**TASK DESCRIPTION**
Pull out the lines from the one containing "Our study was" through the final line of the listing below and repeat them exactly. Leave the pictures behind.

**COLLECTED DATA**

☆ ☆ ☆

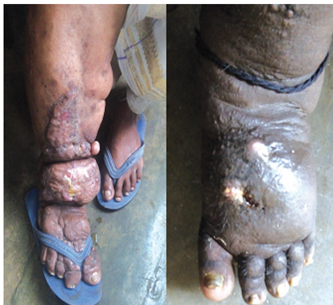
Fig. 1. Elephantiasis with ulcer.

Our study was conducted on wound samples of patients with filarial elephantiasis with ulcerations, attended the Filaria OPD, School of Tropical Medicine, Kolkata, India. The samples received were from different districts of West Bengal as well as from outside of West Bengal. A total of 100 wound samples were collected from the patients.
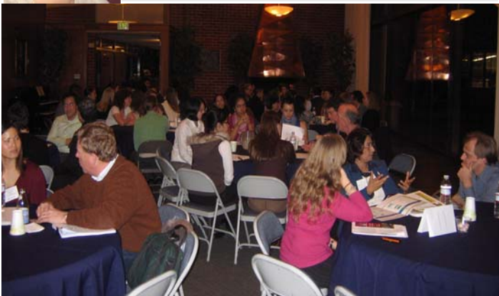
Left: Students and representatives from various organizations at roundtable discussions.

☆ ☆ ☆

**RESPONSE**
Our study was conducted on wound samples of patients with filarial elephantiasis with ulcerations, attended the Filaria OPD, School of Tropical Medicine, Kolkata, India. The samples received were from different districts of West Bengal as well as from outside of West Bengal. A total of 100 wound samples were collected from the patients.
Left: Students and representatives from various organizations at roundtable discussions.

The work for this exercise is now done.